Input data —
********************
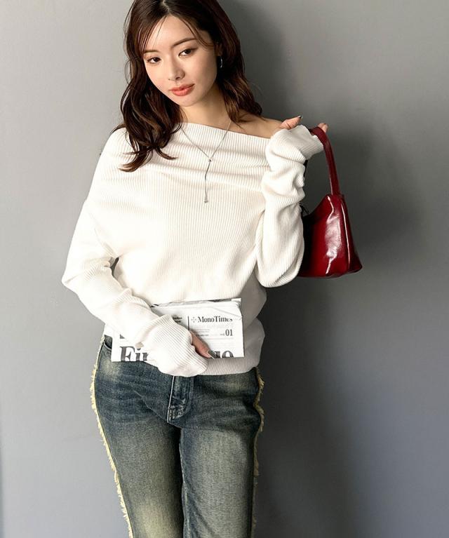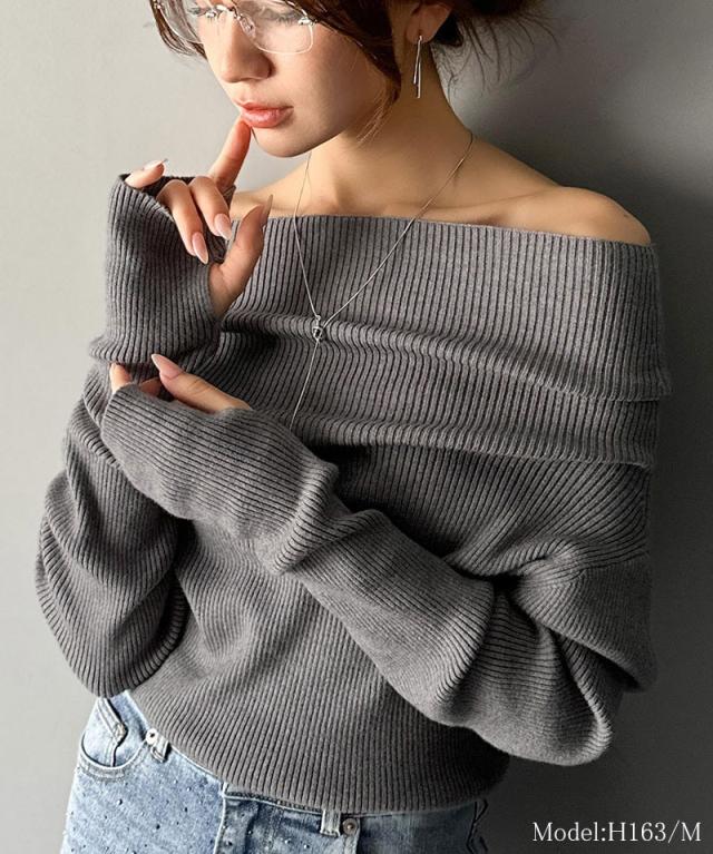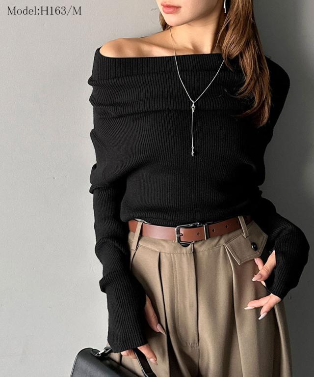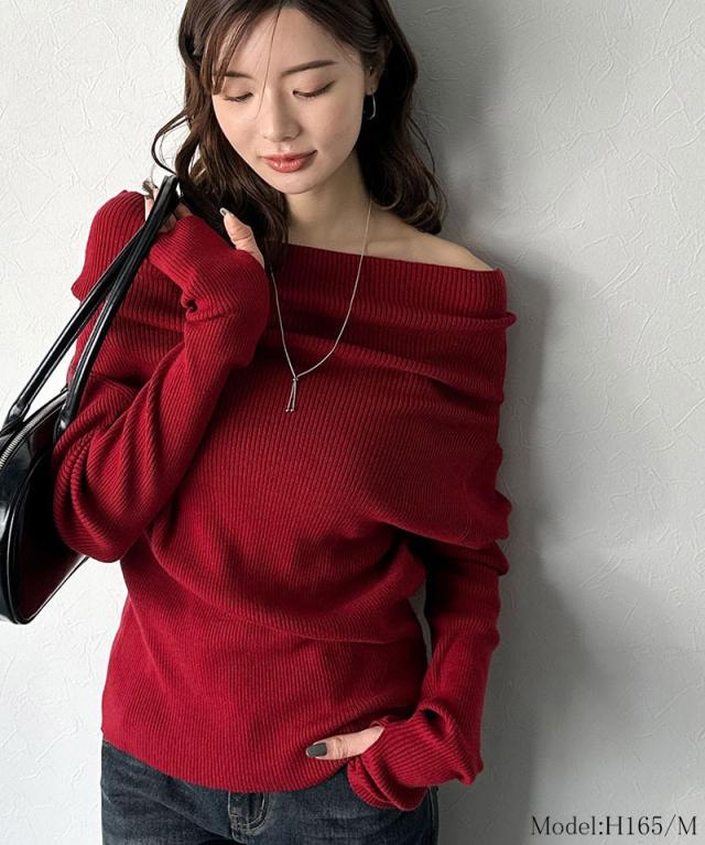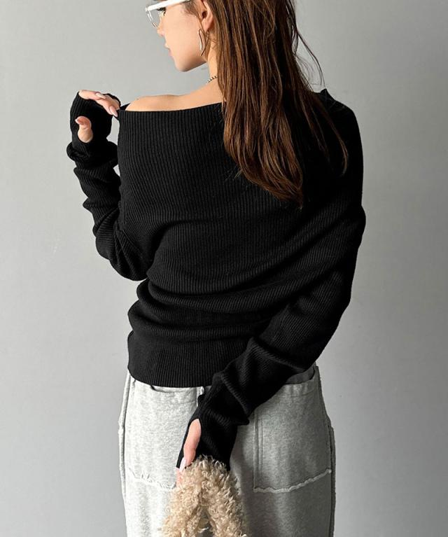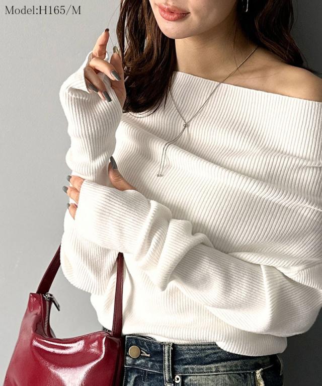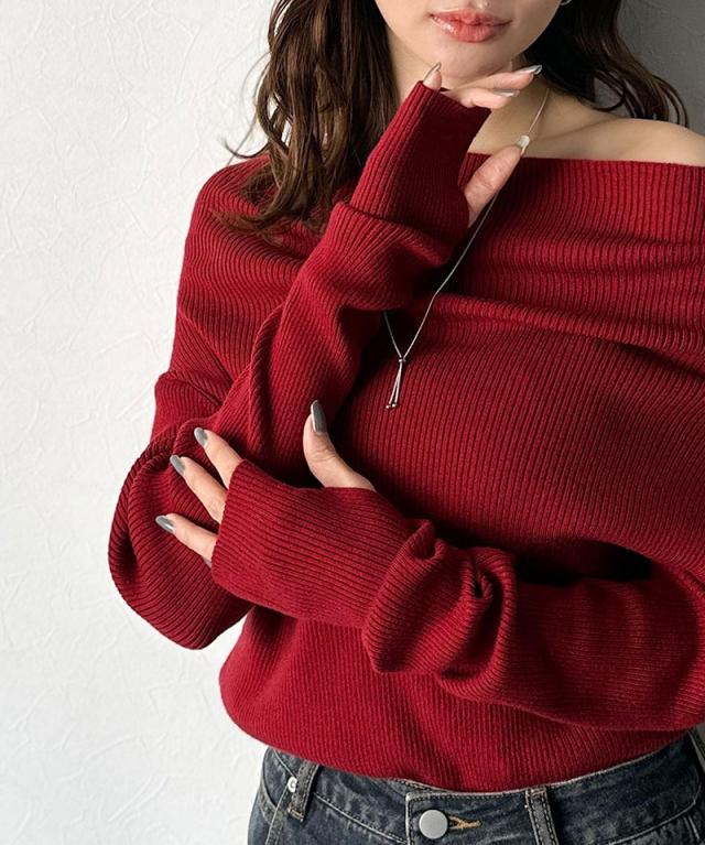 クラシカルエルフ秋新作 mily bilet トップス ニット レディース 長袖 オフショル 2WAY リブニット 指穴ドレープ 立体的 オフショル ワンショル ボートネック 華やか シーズンレス ゆったり 抜け感 オンオフ 伸縮性抜群 なめらか 大きいサイズ 2025aw mi1029137
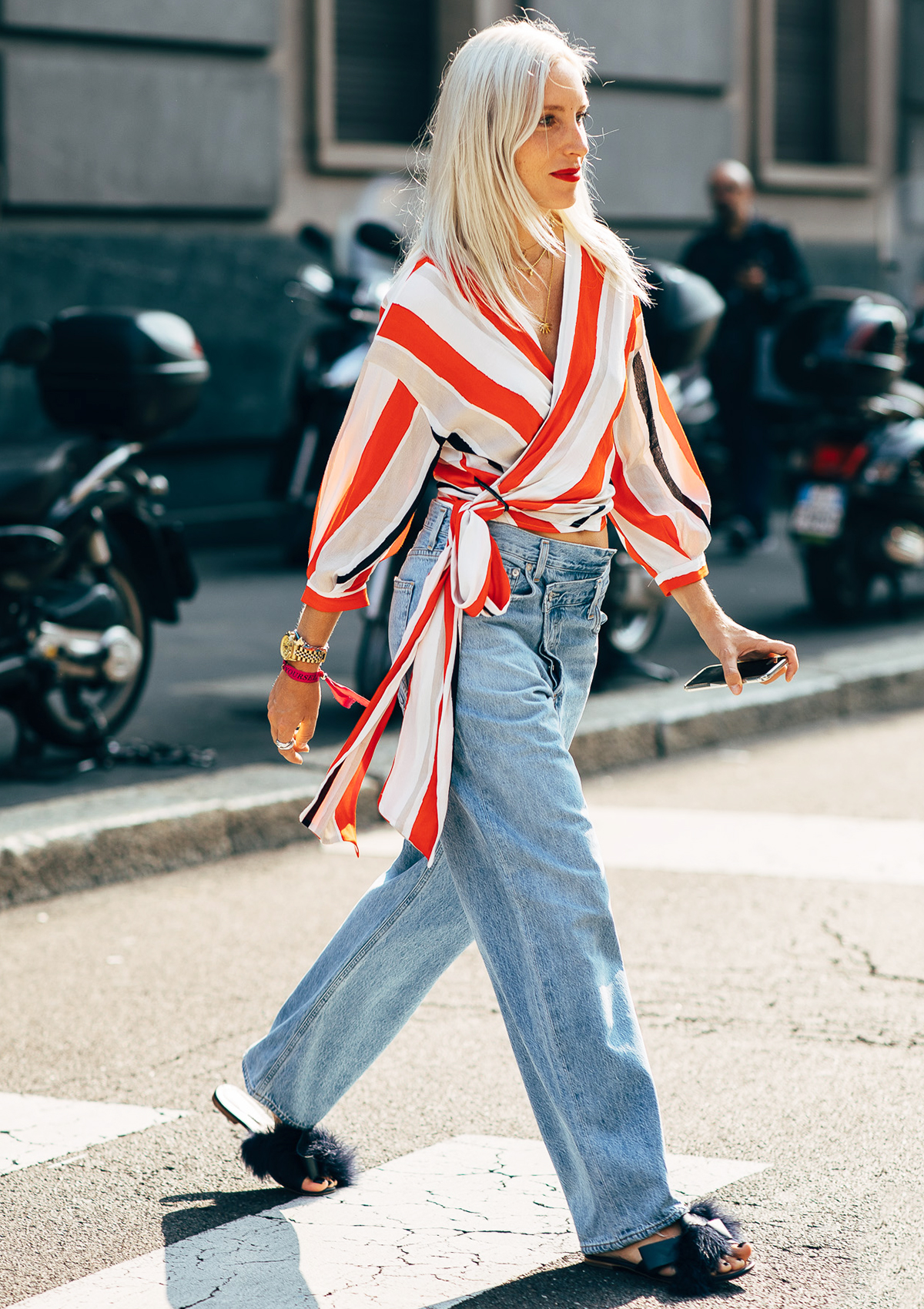 Of course, everything looks good with jeans and slides, too.
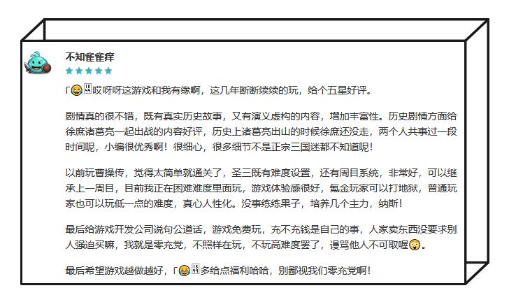 每个月初,我们都将挑选出上月的精选评论,并展示在Tap社区,欢迎各位主公前往评论区(https://www.taptap.com/app/177887/review)进行评论发表,大胆吐槽,尽情说出你们的想法及建议~
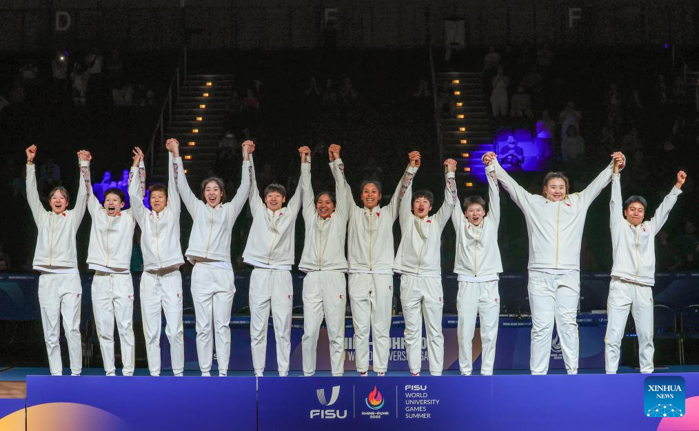 Players of China celebrate after the women's basketball final between China and the United States at the Rhine-Ruhr 2025 FISU World University Games in Essen, Germany, July 25, 2025. (Xinhua/Zhang Fan)
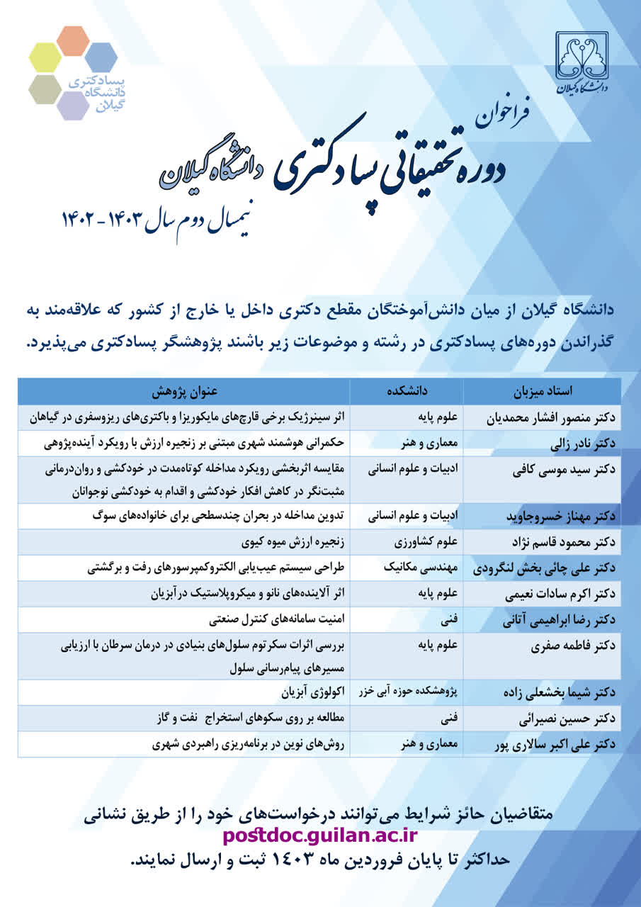 دانشگاه گیلان در راستای استفاده از ظرفیتهای نخبگی و فارغالتحصیلان جوان، از میان دانشآموختگان مقطع دکتری تخصصی داخل یا خارج از کشور و علاقمند به گذراندن دوره تحقیقاتی پسادکتری، در نیمسال دوم سال تحصیلی 1402-1403 پژوهشگر میپذیرد. متقاضیان حائز شرایط میتوانند درخواستهای خود را از طریق نشانی postdoc.guilan.ac.ir حداکثر تا پایان فروردینماه 1403 ثبت و ارسال نمایند.
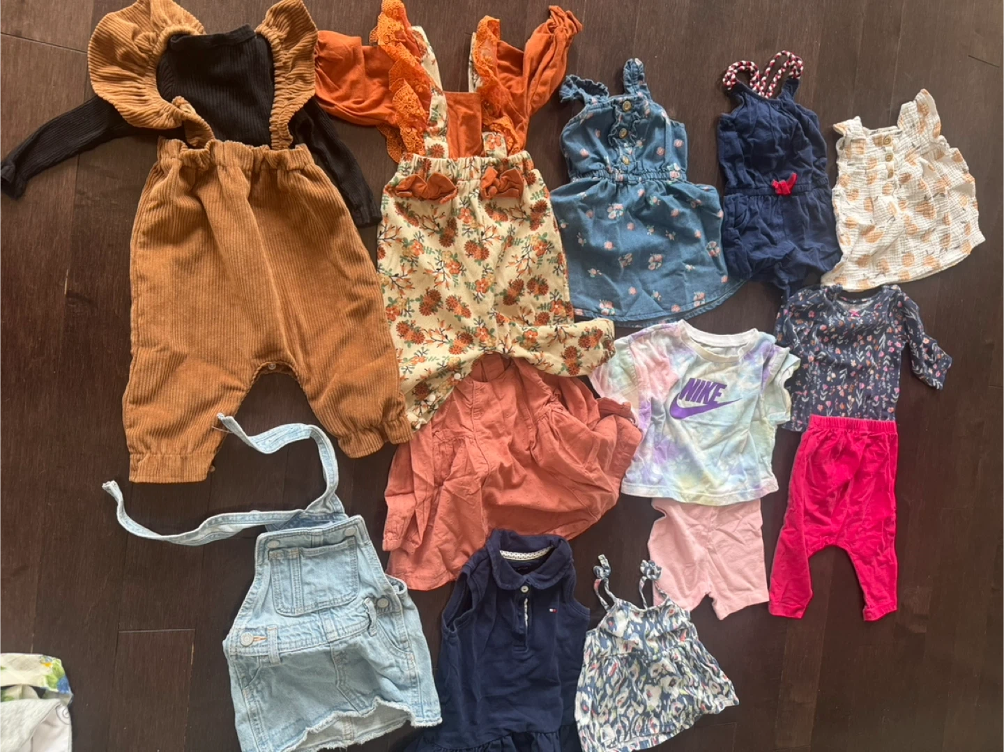 This bundle includes a variety of baby girl outfits. You'll find overalls, dresses, shorts, and tops in different fabrics and patterns. All items appear to be in good condition.
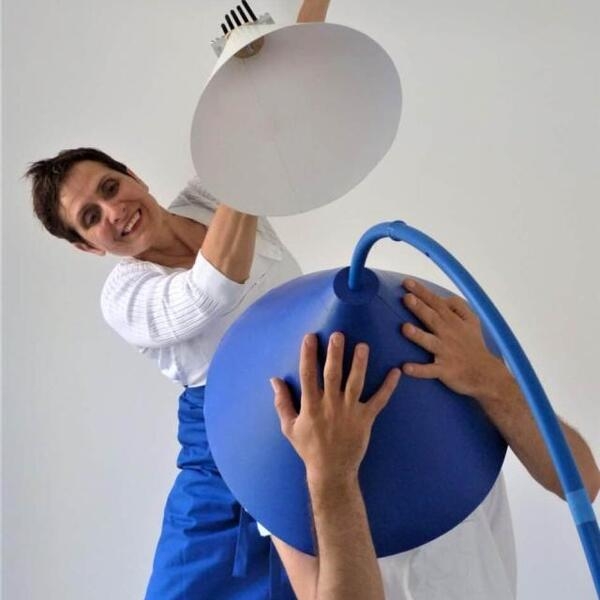 CACHe CACHé est un dispositif épuré fait de papier en blanc et bleu, qui mêle le geste avec des objets sonores, la musique, le chant et la farce.
********************
No pictures belong in the answer. It must repeat exactly the lines from the line with "This bundle includes" through the final line of the records.

Exercise solution —
 This bundle includes a variety of baby girl outfits. You'll find overalls, dresses, shorts, and tops in different fabrics and patterns. All items appear to be in good condition.
 CACHe CACHé est un dispositif épuré fait de papier en blanc et bleu, qui mêle le geste avec des objets sonores, la musique, le chant et la farce.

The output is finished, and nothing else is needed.